I would like to match the LARGEST thing that it finds repeated first, then the next largest, then the next, etc. However, I can't use

/(.*).*?\1/

because I don't want it matching small words like "the", so there needs to be a minimum. I've tried things like

/(.{15,}).*?\1/

but this normally grabs the first thing over 15 that it sees (not the largest above 15). The only way I've been able to semi-simulate the behaviour I want is with the following function, but it is not at all efficient...

What is a better way?

for ($x = 100; $x >= 20; $x -= 10) {
  while (preg_match('@(.{'.$x.',}).*?\1@S', $page_data, $dupe)) {
    $dupe[1] = preg_quote($dupe[1]);
    $page_data = preg_replace('|'.$dupe[1].'|', '', $page_data);
  }
}

Also. I've tried adding the "s" flag to make it match newlines (which it hasn't been doing as far as I can tell), but as soon as I add the "s" flag, it just basically skips over everything (matches nothing). It does it VERY fast compared to not having the "s" flag (under a second vs a few min).

impactdni

Anyone?

Weedpacket

Don't post content-free posts like

Anyone?

It's rude and makes it look like you're just sitting around doing nothing in the meantime. Also, five hours is a pretty short time to wait: give people time to live their own lives first.

/(.*)\1/

In other words, don't use ungreedy matching.

impactdni

But that doesn't allow there to be any text between the match and the repeat, correct?
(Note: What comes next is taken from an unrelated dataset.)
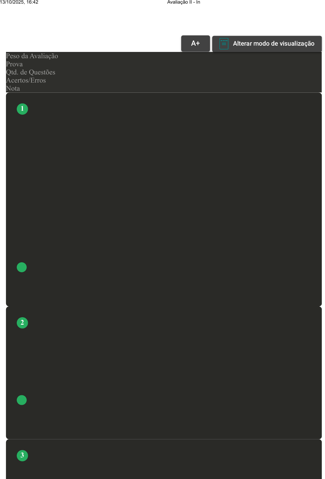Prova Impressa GABARITO | Avaliação II - Individual (Cod.:1027219) Peso da Avaliação 2,00 Prova 94896280 Qtd. de Questões 10 Acertos/Erros 9/1 Nota 9,00 Os sistemas defensivos escolhidos durante uma partida de handebol dependem de inúmeros fatores para obterem êxito. Após a perda da posse de bola, seja após um ataque malsucedido, ou até mesmo um contra-ataque adversário, é fundamental que a equipe retorne o mais rápido possível para estruturação da defesa. De acordo com as fases defensivas, classifique V para as opções verdadeiras e F para as falsas: ( ) Apoio. ( ) Retorno. ( ) Defesa temporária. ( ) Organização da defesa. ( ) Defesa em sistemas. ( ) Investida. Assinale a alternativa que apresenta a sequência CORRETA: A F - V - V - F - V - F. B V - V - F - V - V - F. C F - V - V - V - V - F. D F - F - V - V - F - V. As duas principais competições internacionais do handebol e mais importantes no cenário esportivo da modalidade são os Jogos Olímpicos e o Campeonato Mundial. Embora a hegemonia nestas competições seja de seleções europeias, o Brasil já esteve no lugar mais alto do pódio em uma oportunidade. Sobre o exposto, assinale a alternativa CORRETA: A Campeão mundial em 2016 com a seleção masculina. B Campeão olímpico em 2012 com a seleção feminina. C Campeão mundial em 2013 com a seleção feminina. D Campeão olímpico em 2008 com a seleção masculina. No que concerne ao handebol, temos várias questões associadas. Em relação ao sistema de defesa dessa modalidade, qual deles utiliza um defensor avançado, denominado "bico"? VOLTAR A+ Alterar modo de visualização 1 2 3 13/10/2025, 16:42 Avaliação II - Individual about:blank 1/4 A 3 x 3. B 5 x 1. C 4 x 2. D 6 x 0. Jogadores de defesa e técnicos de equipes de handebol devem ter a capacidade de leitura do jogo, para adaptarem o sistema defensivo e as ações defensivas individuais levando em consideração a estratégia e a qualidade de jogadores adversários. Inúmeros sistemas defensivos podem ser adotados. Sobre as características do sistema defensivo, associe os itens, utilizando o código a seguir: I- Sistema 4:2. II- Sistema 3:3. III- Sistema 6:0. ( ) Cada jogador é responsável por um pequeno espaço; é um sistema menos cansativo; dificulta as penetrações adversárias. ( ) Ocupar a zona central da defesa com mais jogadores; inibir arremessos da linha de nove metros; os dois jogadores da segunda linha defensiva podem ocupar qualquer posição. ( ) Principal objetivo é dificultar a circulação da bola da equipe adversária; recuperar a posse de bola; oportunizar a saída rápida para o contra-ataque. Assinale a alternativa que apresenta a sequência CORRETA: A II - I - III B III - I - II. C III - II - I. D I - II - III. No que concerne ao handebol, temos várias questões associadas. O que é a "posição base defensiva" nessa modalidade? A É o escopo do jogador ao lançar a bola. B É a posição que o jogador adota antes ou depois de realizar uma ação defensiva. C É a ação que o defensor realiza para limitar ou controlar o adversário. D É a forma de mudar de um lugar para outro. 4 5 Revisar Conteúdo do Livro 13/10/2025, 16:42 Avaliação II - Individual about:blank 2/4 Para realizar uma ação defensiva, o defensor desenvolve alguns movimentos, chamados também de fundamentos técnico-táticos individuais defensivos. Sobre esse tema, assinale a alternativa CORRETA: A Ataque, altura da bola e empunhadura. B Arremesso, progredir em relação ao gol. C Posição básica, deslocamento, bloqueio e marcação. D Concentração, ritmo e retorno. A marcação em proximidade é utilizada para certa finalidade.Qual é essa finalidade? A Evitar que o contra-ataque. B Evitar que o atacante perca a bola. C Evitar que o atacante lance a bola. D Evitar que o atacante receba a bola. Certa movimentação ofensiva no handebol acontece quando o jogador está de posse de bola, efetua um passe para o seu companheiro de equipe e imediatamente se desmarca de seu oponente para receber a bola outra vez. Qual é esse tipo de movimentação? A Tabela. B Engajamento. C Bloqueio. D Cortina. O sistema de jogo corresponde à formação escolhida por uma equipe e à distribuição dos jogadores em posições específicas para conseguirem objetivos defensivos e ofensivos. Esse posicionamento, com as ações coordenadas, contribuem para o êxito na tática escolhida pelo treinador. A tática pode ser realizada de dois modos: individual e coletiva. Com relação aos dois modelos de tática, analise as sentenças a seguir: I- A tática coletiva envolve a coordenação entre dois ou mais jogadores. II- A tática individual é a escolha do gesto apropriado por um jogador em cada momento do jogo. III- A tática individual corresponde a ações ofensivas, enquanto a tática coletiva corresponde a ações 6 7 8 9 13/10/2025, 16:42 Avaliação II - Individual about:blank 3/4 defensivas. Assinale a alternativa CORRETA: A Somente a sentença II está correta. B As sentenças I e II estão corretas. C As sentenças II e III estão corretas. D As sentenças I e III estão corretas. Diferentes tipos de marcação podem ser realizados durante uma única partida, levando em consideração a qualidade dos jogadores da equipe adversária e também dos jogadores defensores. Sobre a marcação individual em 1/3 da quadra, classifique V para as sentenças verdadeiras e F para as falsas: ( ) Conhecido também como "defesa individual por aglomeração". ( ) É o tipo de defesa mais fechado. ( ) Os jogadores se posicionam aproximadamente até os 11 metros da linha de fundo. ( ) Os jogadores ficam distribuídos por toda a quadra. Assinale a alternativa que apresenta a sequência CORRETA: A F - V - F - V. B V - F - V - V. C V - V - V - F. D V - F - V - F. 10 Imprimir 13/10/2025, 16:42 Avaliação II - Individual about:blank 4/4

These are very possibly spaced out throughout the string (text between them).

Weedpacket

/(.*).*\1/

, then. And if this is on more than one line,

/(.*).*\1/s

impactdni

But the first one matches small strings (under 5 characters or so, which gets rid of many of the things that I want).

And for some reason, the 2nd option (With an s flag), skips everything. It litterally matches NOTHING.

Weedpacket

Finally I understand the problem. I'm being very slow today.

The regexp engine is eager as well as greedy, and it's the eagerness that's getting in the way. Once it finds a match it won't look to see if there are any more. Only if it finds more than one match starting from the same position does it need to choose which one to return, and that's when greediness comes into play. It has no reason to keep searching after that (in case there's a loner one to be found further in).

So there's that, and there's the fact that regular expressions can't count.

preg_match_all() came to mind, but I can think of cases where it would fail, due to patterns overlapping.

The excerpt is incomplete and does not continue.